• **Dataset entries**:
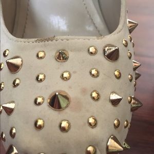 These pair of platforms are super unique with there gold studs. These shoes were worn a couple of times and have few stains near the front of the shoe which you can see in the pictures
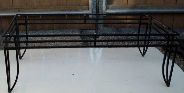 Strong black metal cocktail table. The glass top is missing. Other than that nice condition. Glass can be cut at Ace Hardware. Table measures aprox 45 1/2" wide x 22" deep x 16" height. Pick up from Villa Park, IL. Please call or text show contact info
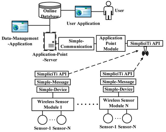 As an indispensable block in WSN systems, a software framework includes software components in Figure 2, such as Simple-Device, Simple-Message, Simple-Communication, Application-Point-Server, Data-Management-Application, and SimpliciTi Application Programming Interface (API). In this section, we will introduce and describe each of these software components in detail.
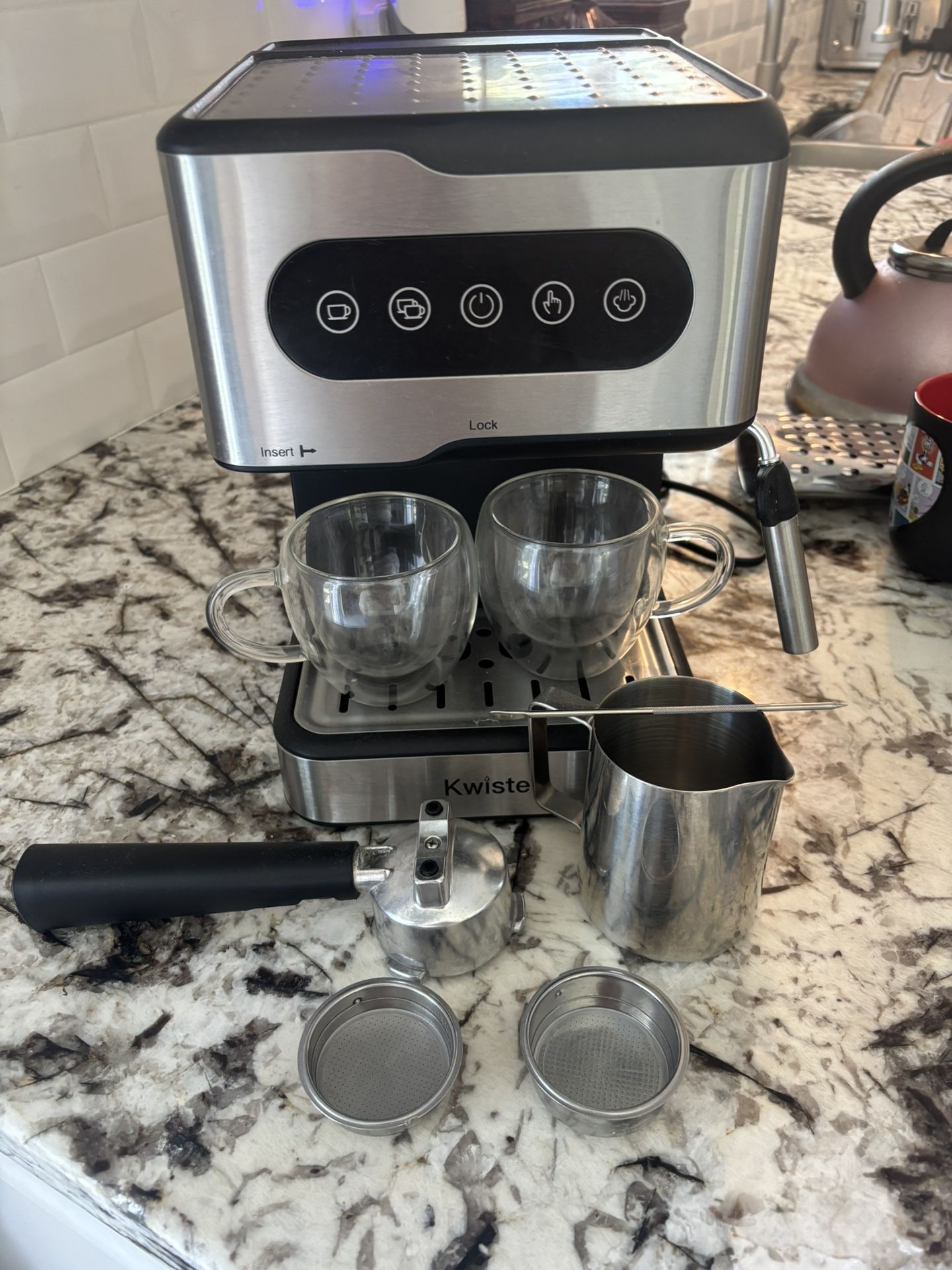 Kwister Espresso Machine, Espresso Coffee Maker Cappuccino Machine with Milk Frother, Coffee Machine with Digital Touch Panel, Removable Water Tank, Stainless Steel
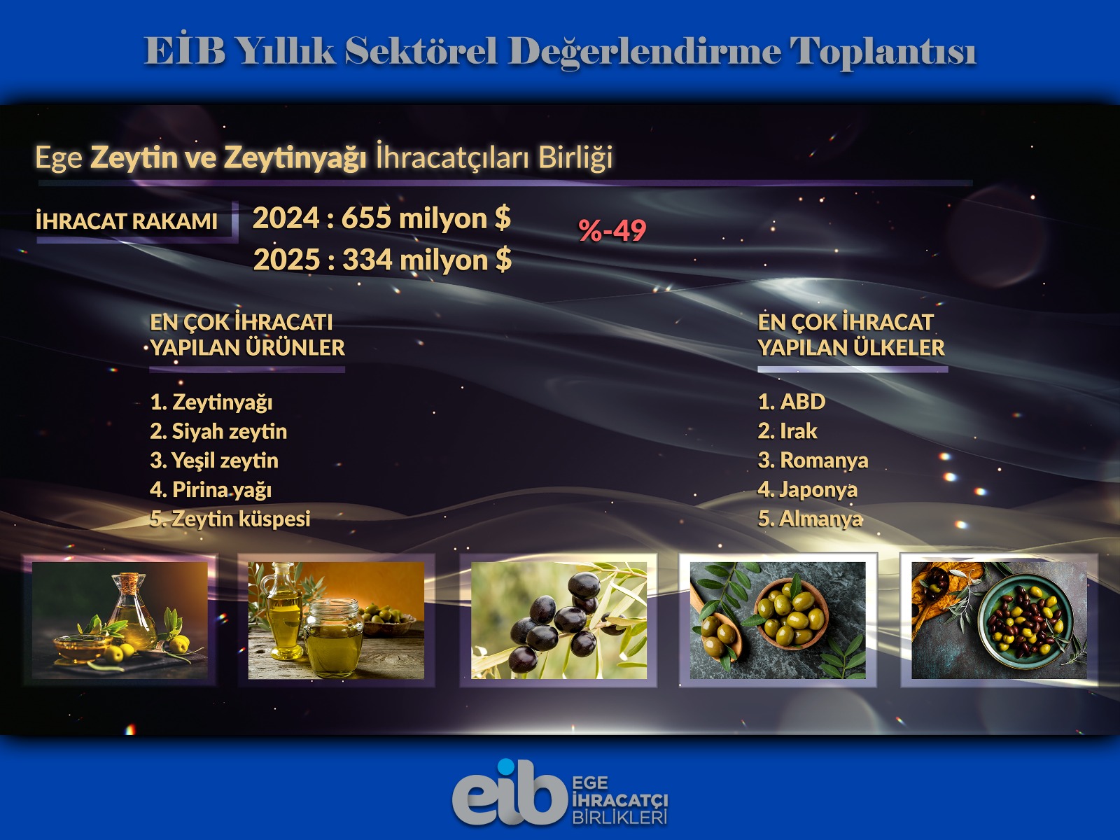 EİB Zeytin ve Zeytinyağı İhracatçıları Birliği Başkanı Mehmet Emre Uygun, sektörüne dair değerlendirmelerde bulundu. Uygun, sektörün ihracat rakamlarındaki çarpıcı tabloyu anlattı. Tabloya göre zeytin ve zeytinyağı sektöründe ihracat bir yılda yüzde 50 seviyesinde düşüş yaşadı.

• **Work required**: Without any of the pictures, set the entries down again exactly as written.

• **Answer space**:
 These pair of platforms are super unique with there gold studs. These shoes were worn a couple of times and have few stains near the front of the shoe which you can see in the pictures
 Strong black metal cocktail table. The glass top is missing. Other than that nice condition. Glass can be cut at Ace Hardware. Table measures aprox 45 1/2" wide x 22" deep x 16" height. Pick up from Villa Park, IL. Please call or text show contact info
 As an indispensable block in WSN systems, a software framework includes software components in Figure 2, such as Simple-Device, Simple-Message, Simple-Communication, Application-Point-Server, Data-Management-Application, and SimpliciTi Application Programming Interface (API). In this section, we will introduce and describe each of these software components in detail.
 Kwister Espresso Machine, Espresso Coffee Maker Cappuccino Machine with Milk Frother, Coffee Machine with Digital Touch Panel, Removable Water Tank, Stainless Steel
 EİB Zeytin ve Zeytinyağı İhracatçıları Birliği Başkanı Mehmet Emre Uygun, sektörüne dair değerlendirmelerde bulundu. Uygun, sektörün ihracat rakamlarındaki çarpıcı tabloyu anlattı. Tabloya göre zeytin ve zeytinyağı sektöründe ihracat bir yılda yüzde 50 seviyesinde düşüş yaşadı.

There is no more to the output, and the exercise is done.